## [Provided information]
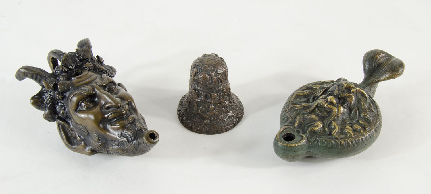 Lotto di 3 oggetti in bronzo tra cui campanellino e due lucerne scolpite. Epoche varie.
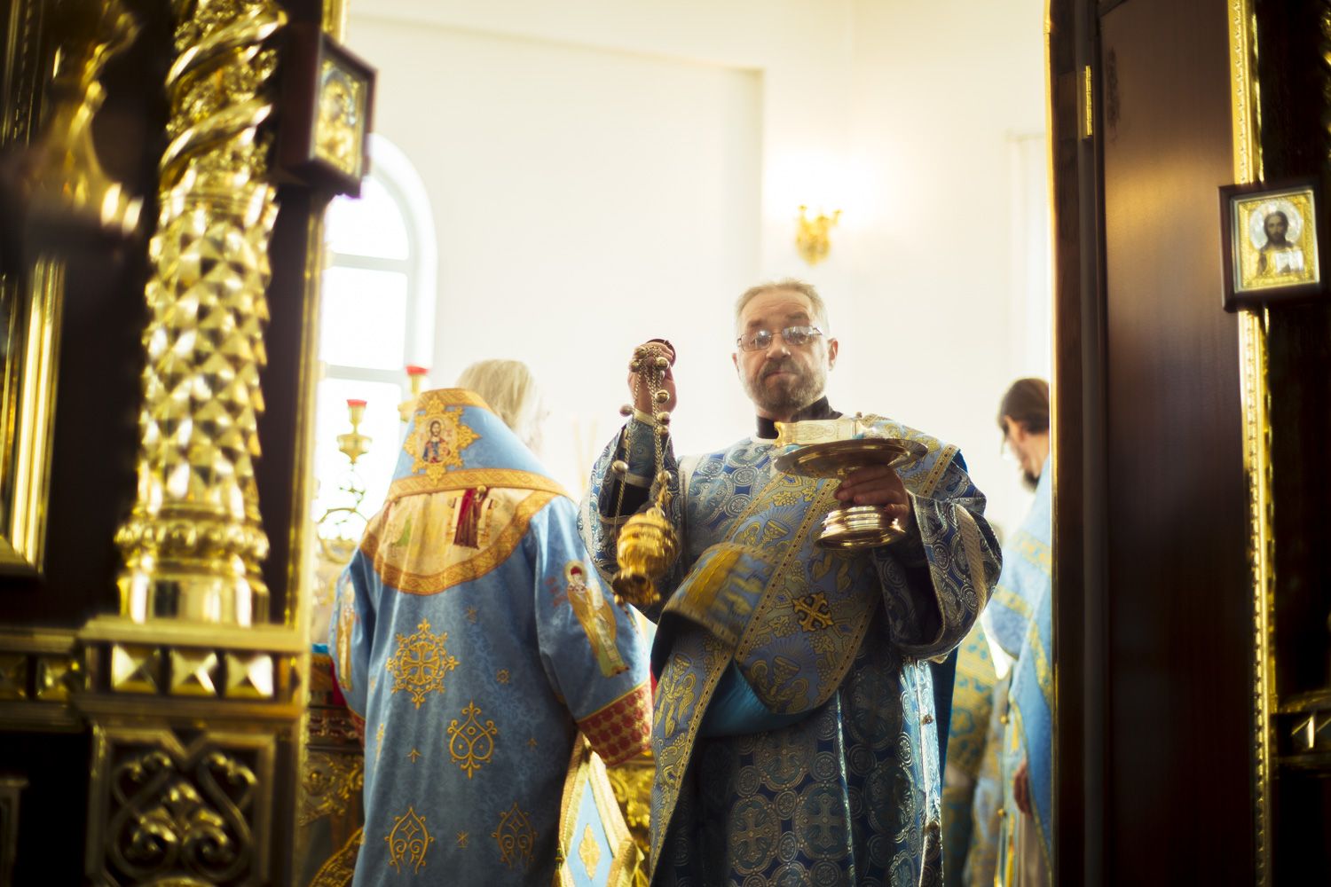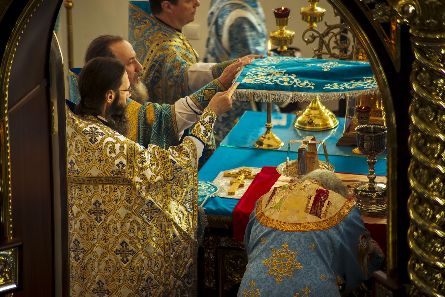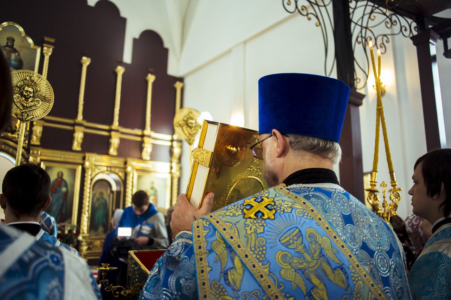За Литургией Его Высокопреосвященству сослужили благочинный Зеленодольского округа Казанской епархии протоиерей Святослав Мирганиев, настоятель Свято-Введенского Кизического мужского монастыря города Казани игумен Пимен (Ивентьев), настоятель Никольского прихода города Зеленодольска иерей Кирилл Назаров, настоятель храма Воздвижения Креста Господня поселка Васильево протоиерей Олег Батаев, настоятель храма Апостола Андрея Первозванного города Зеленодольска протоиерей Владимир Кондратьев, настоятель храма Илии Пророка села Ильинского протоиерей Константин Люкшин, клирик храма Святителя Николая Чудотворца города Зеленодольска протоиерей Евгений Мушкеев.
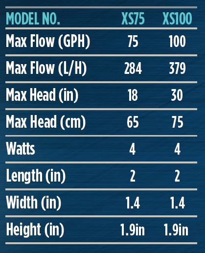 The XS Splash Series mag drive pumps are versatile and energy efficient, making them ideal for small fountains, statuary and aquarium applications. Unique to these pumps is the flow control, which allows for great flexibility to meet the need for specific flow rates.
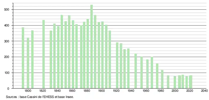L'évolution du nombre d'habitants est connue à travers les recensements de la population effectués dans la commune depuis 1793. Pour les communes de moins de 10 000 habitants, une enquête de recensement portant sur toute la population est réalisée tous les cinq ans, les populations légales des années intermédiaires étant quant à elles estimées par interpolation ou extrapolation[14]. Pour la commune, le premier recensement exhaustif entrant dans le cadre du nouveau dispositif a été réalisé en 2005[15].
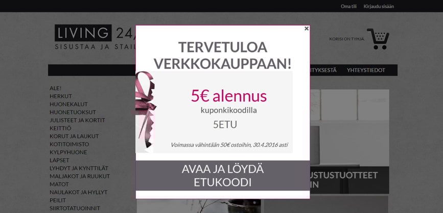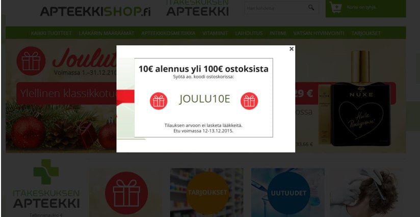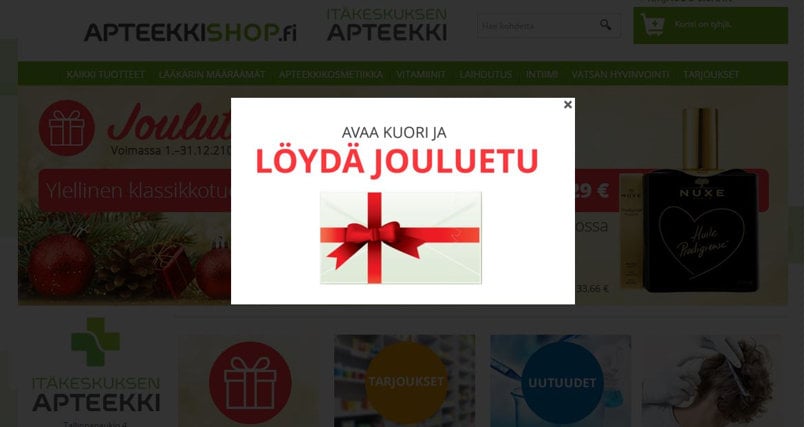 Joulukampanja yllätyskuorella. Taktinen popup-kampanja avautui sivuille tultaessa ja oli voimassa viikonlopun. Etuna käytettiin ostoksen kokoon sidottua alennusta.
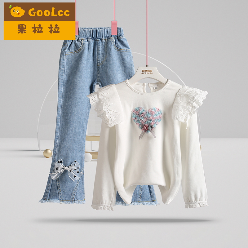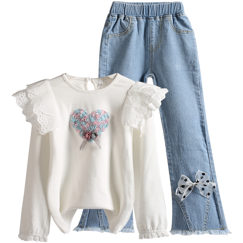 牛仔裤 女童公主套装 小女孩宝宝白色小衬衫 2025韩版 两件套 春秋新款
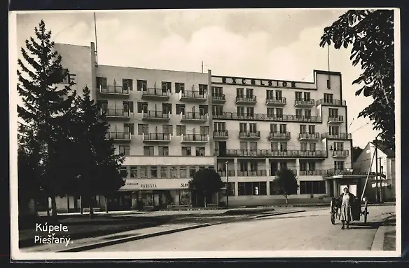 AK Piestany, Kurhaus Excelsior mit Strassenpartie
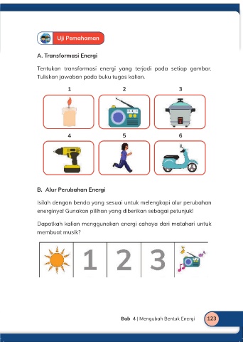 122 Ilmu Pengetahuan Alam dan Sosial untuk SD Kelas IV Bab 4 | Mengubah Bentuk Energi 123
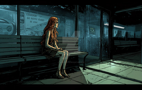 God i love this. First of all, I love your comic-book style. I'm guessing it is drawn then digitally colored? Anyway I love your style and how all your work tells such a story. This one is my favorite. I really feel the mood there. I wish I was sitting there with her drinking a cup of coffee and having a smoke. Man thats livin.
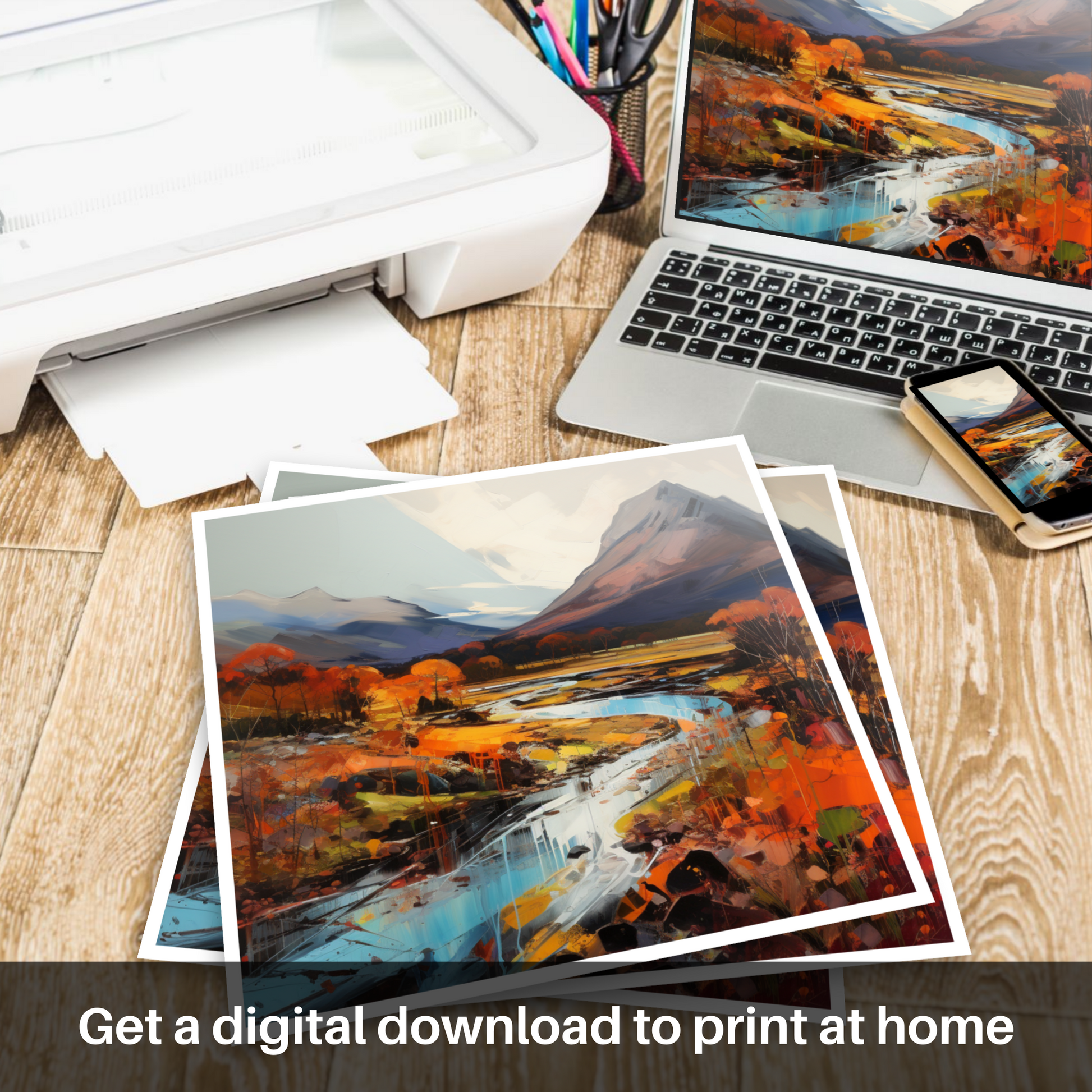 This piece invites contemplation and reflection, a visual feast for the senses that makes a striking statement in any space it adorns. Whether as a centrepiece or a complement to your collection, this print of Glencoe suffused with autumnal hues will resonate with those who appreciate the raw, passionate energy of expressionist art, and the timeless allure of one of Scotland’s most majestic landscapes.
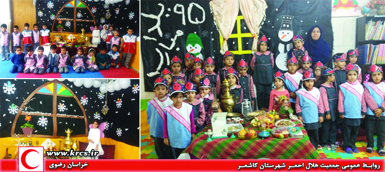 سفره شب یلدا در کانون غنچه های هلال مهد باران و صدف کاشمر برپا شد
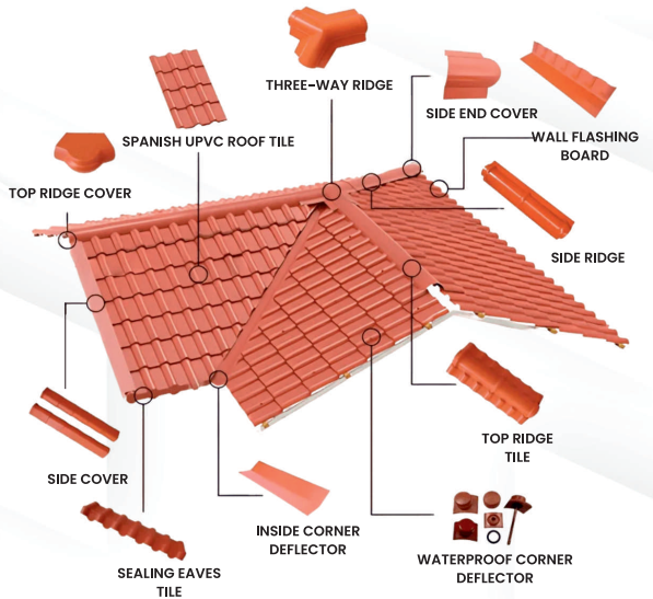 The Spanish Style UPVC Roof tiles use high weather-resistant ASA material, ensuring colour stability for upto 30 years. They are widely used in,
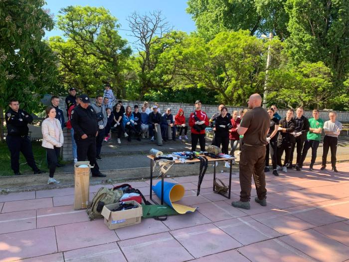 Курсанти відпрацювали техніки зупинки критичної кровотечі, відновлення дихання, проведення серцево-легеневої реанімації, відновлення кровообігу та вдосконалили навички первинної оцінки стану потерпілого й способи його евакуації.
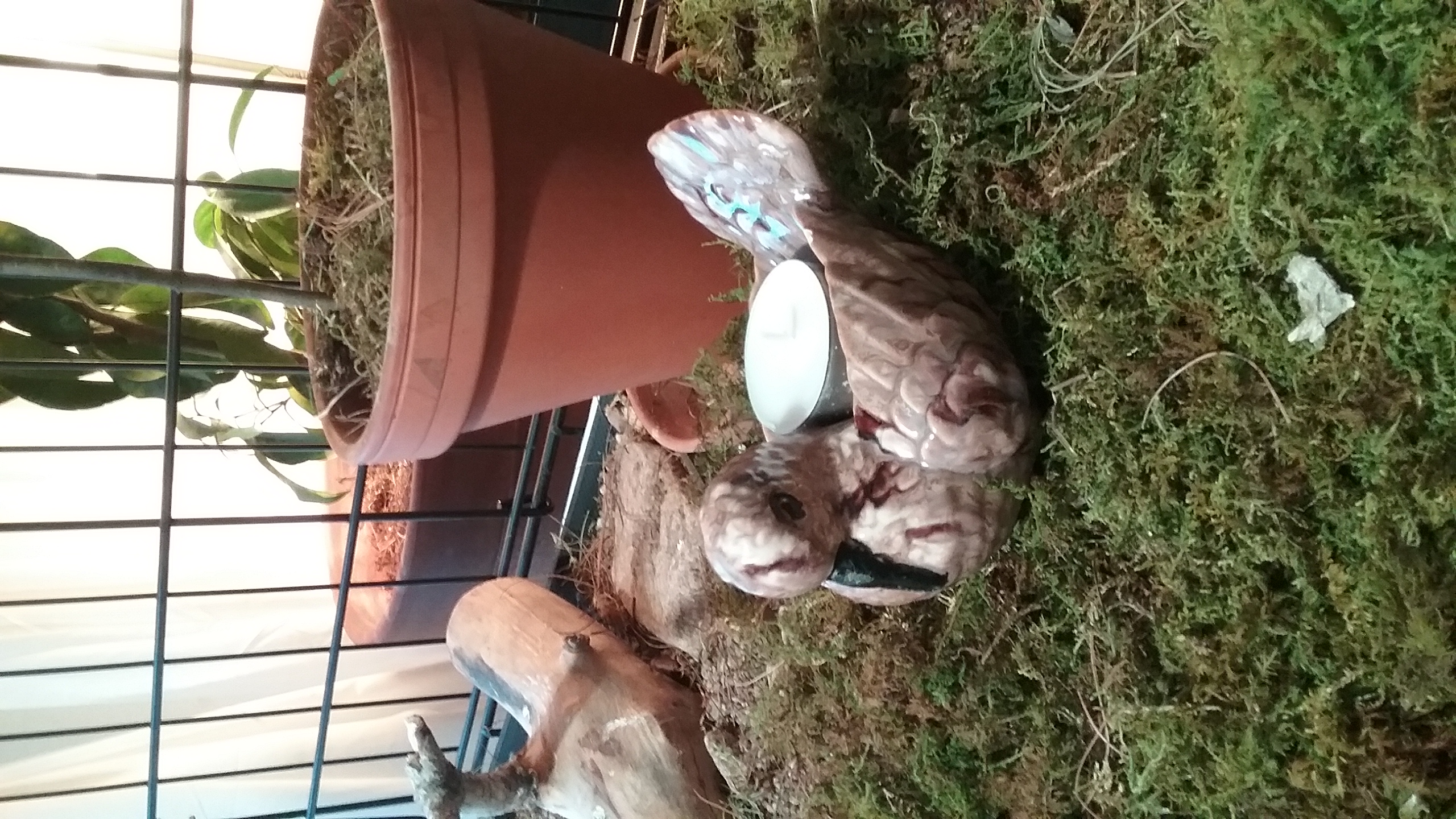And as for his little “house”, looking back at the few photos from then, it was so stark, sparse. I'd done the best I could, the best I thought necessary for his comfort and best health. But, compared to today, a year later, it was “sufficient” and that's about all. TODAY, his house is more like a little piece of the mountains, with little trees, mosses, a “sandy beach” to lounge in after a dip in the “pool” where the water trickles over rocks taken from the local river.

## [About this task]
From the records above, quote word for word only the lines beginning at the line that has "122 Ilmu Pengetahuan" and stopping after the line that has "God i love this.". Omit the pictures.

## [Answer to the exercise]
 122 Ilmu Pengetahuan Alam dan Sosial untuk SD Kelas IV Bab 4 | Mengubah Bentuk Energi 123
 God i love this. First of all, I love your comic-book style. I'm guessing it is drawn then digitally colored? Anyway I love your style and how all your work tells such a story. This one is my favorite. I really feel the mood there. I wish I was sitting there with her drinking a cup of coffee and having a smoke. Man thats livin.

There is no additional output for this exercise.